In [3]:
import numpy as np

## Experiment Overview: Free Trial Screener

At the time of this experiment, Udacity courses currently have two options on the course overview page: "start free trial", and "access course materials". If the student clicks "start free trial", they will be asked to enter their credit card information, and then they will be enrolled in a free trial for the paid version of the course. After 14 days, they will automatically be charged unless they cancel first. If the student clicks "access course materials", they will be able to view the videos and take the quizzes for free, but they will not receive coaching support or a verified certificate, and they will not submit their final project for feedback.

In the experiment, Udacity tested a change where if the student clicked "start free trial", they were asked how much time they had available to devote to the course. If the student indicated 5 or more hours per week, they would be taken through the checkout process as usual. If they indicated fewer than 5 hours per week, a message would appear indicating that Udacity courses usually require a greater time commitment for successful completion, and suggesting that the student might like to access the course materials for free. At this point, the student would have the option to continue enrolling in the free trial, or access the course materials for free instead. [This screenshot](img/experiment.png) shows what the experiment looks like.

The hypothesis was that this might set clearer expectations for students upfront, thus reducing the number of frustrated students who left the free trial because they didn't have enough time—without significantly reducing the number of students to continue past the free trial and eventually complete the course. If this hypothesis held true, Udacity could improve the overall student experience and improve coaches' capacity to support students who are likely to complete the course.

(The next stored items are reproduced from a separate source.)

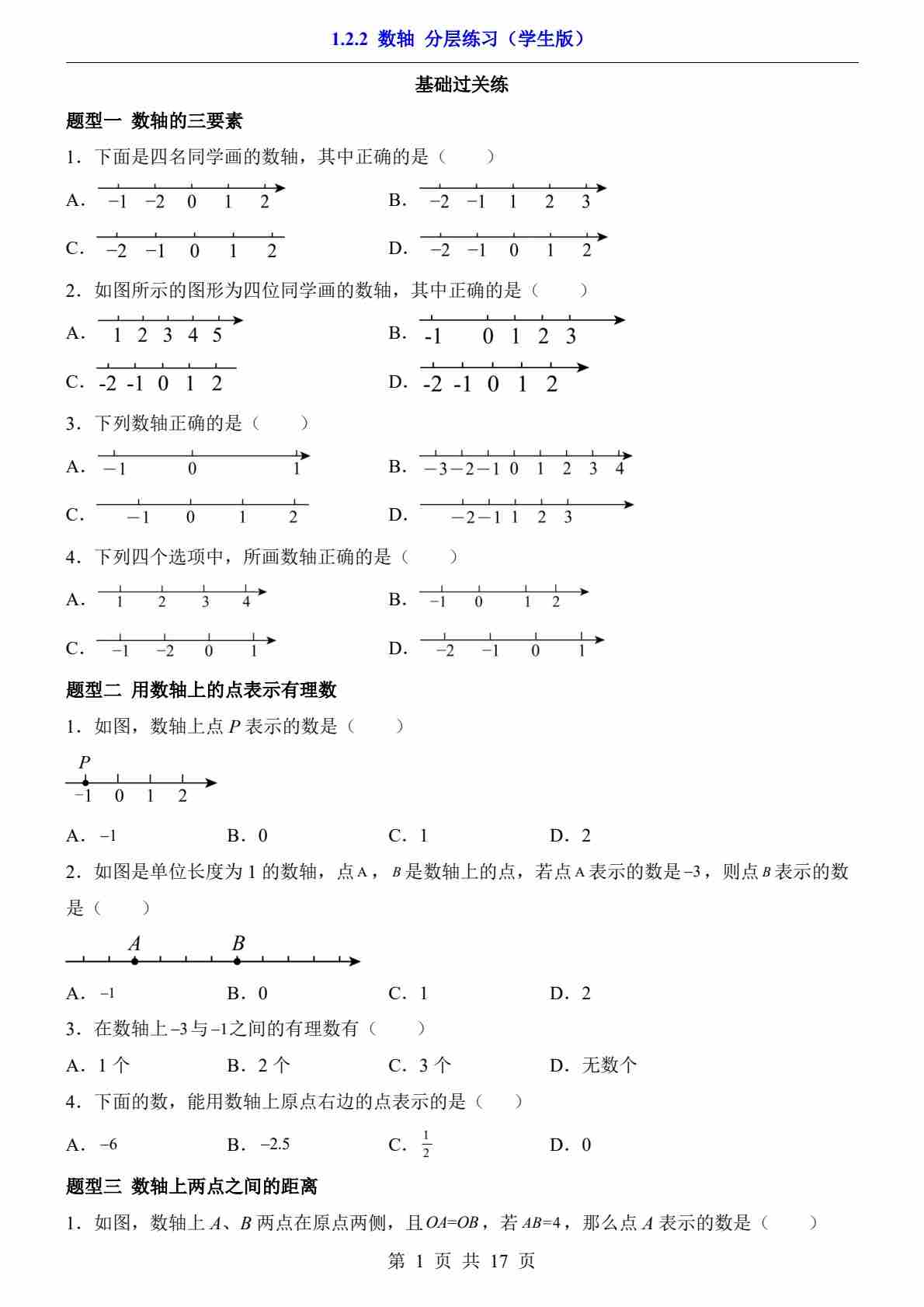 1.2.2 数轴(分层练习)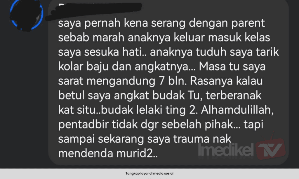 Seorang lagi berkongsi pengalaman apabila diserang ibu bapa pelajar kerana dikatakan sesuka hati keluar masuk ke kelas.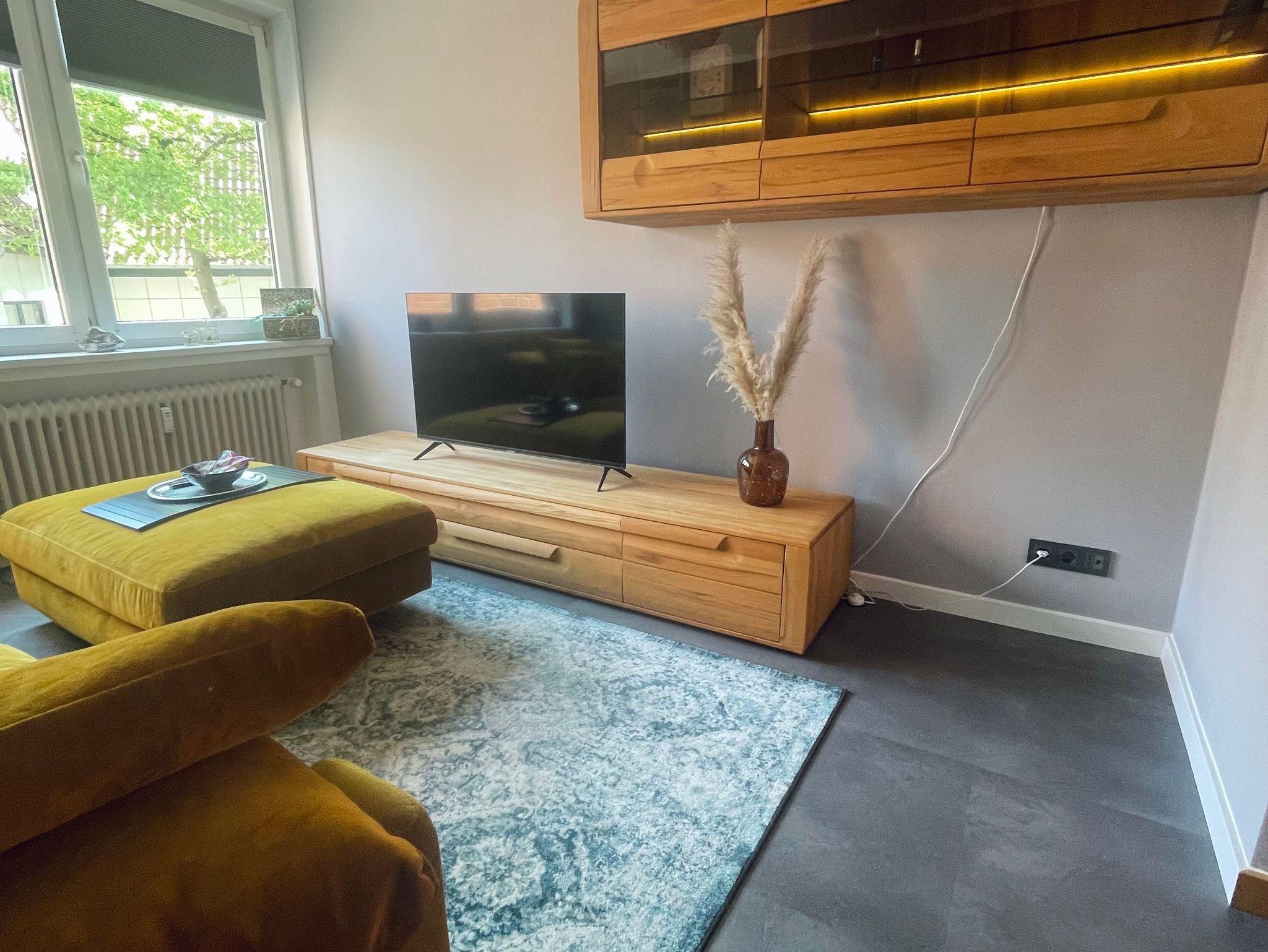 Das halboffene Wohnzimmer besticht mit einem bequemen, senfgelben Samtsofa, von wo aus der große Smart-TV hervorragend im Liegen und im Sitzen betrachtet werden kann.

The unit of diversion is a cookie, although if the student enrolls in the free trial, they are tracked by user-id from that point forward. The same user-id cannot enroll in the free trial twice. For users that do not enroll, their user-id is not tracked in the experiment, even if they were signed in when they visited the course overview page.

## Experiment Design

### Metric Choice

#### Invariant metrics
- **Number of cookies:** That is, number of unique cookies to view the course overview page. (dmin=3000)
- **Number of clicks:** That is, number of unique cookies to click the "Start free trial" button (which happens before the free trial screener is trigger). (dmin=240)
- **Click through probability:** That is, number of unique cookies to click the "Start free trial" button divided by number of unique cookies to view the course overview page. (dmin=0.01)

#### Evaluation metrics
- **Gross conversion:** That is, number of user-ids to complete checkout and enroll in the free trial divided by number of unique cookies to click the "Start free trial" button. (dmin= 0.01)
- **Net conversion:** That is, number of user-ids to remain enrolled past the 14-day boundary (and thus make at least one payment) divided by the number of unique cookies to click the "Start free trial" button. (dmin= 0.0075)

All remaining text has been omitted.